In our studies, processing of corn silage enhanced aerobic stability. While it took longer for processed corn silage to heat by 1.5°C (3°F) (Fig. 1), both silages reached maximum temperature in about the same amount of time. This indicates that the processed corn silage was more stable in an aerobic environment early on (i.e. took longer to start heating) due to greater pack density that limited exposure of processed corn silage to oxygen during the storage phase.
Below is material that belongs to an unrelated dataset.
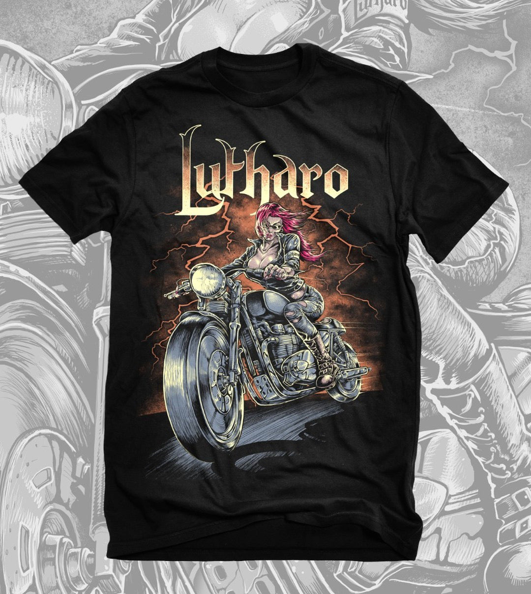 Lutharo "Born To Ride" two-sided black t-shirt. The "Born To Ride" biker lady design printed on the front and the "Born To Ride" text with the Lutharo logo printed on the back.

However, once the silages were exposed to air there was nothing particular about the processed corn silage that inhibited growth of aerobic microorganisms.
Therefore, once they began to grow, the microorganisms in both silages multiplied causing both silages to heat at the same rate and the same amount (ranging from 6.4° to 13.1°C or 11.5° to 23.6° F).
Figure 1. Aerobic stability of processed and unprocessed corn silage.
Silo tips
J. Harrison and L. Van Wieringen
Department of Animal Sciences, Washington State University, Puyallup, WA
The amount of packing time and the thickness of the silage as it is layered in to the silo interact to affect silage density. It is desirable to layer the forage into a bunker silo at depths of 15 cm (6 in) or less and pack to a rate of 2-3 minutes per tonne (or Ton) of forage or 300–600 hrkg per tonne (600–800 hr-lb per T) of wet forage. When forage delivery to the silo is in the range of 40 wet tones (or Tons) per hour these rates are achievable and realistic. Delivery rates greater than this will require large packing tractors and likely multiple packing tractors. Common recommended feed-out rates are 15 cm (6 in) per day, but more is recommended in hotter weather. It is best not to “buck” into the silage mass when removing silage as this allows channels for the entry of air back into the silage mass.
Tools for Estimating Bunker Characteristics A number of publications and computer software based tools for silage storage are available at website: http://www.uwex.edu/ces/crops/uwforage/storage.htm. In particular look for two spreadsheets entitled “Bunker Silo Density Calculator” and “Bunker Silo Sizing Spreadsheet”. The software tool, DAFOSYM, is a whole farm economic model with particular emphasis on forage management. A free copy of DAFOSYM is available at: http:/ /pswmru.arsup.psu.
Tips for achieving a well-sealed bunker silo
- To minimize puncturing of silo plastic, it is critical to eliminate sharp edges from silos. Sharp concrete corners or tops of I-beams are common culprits causing holes along the “difficult to pack silo” sides or shoulders of silos which are especially troublesome. Cover all sharp edges.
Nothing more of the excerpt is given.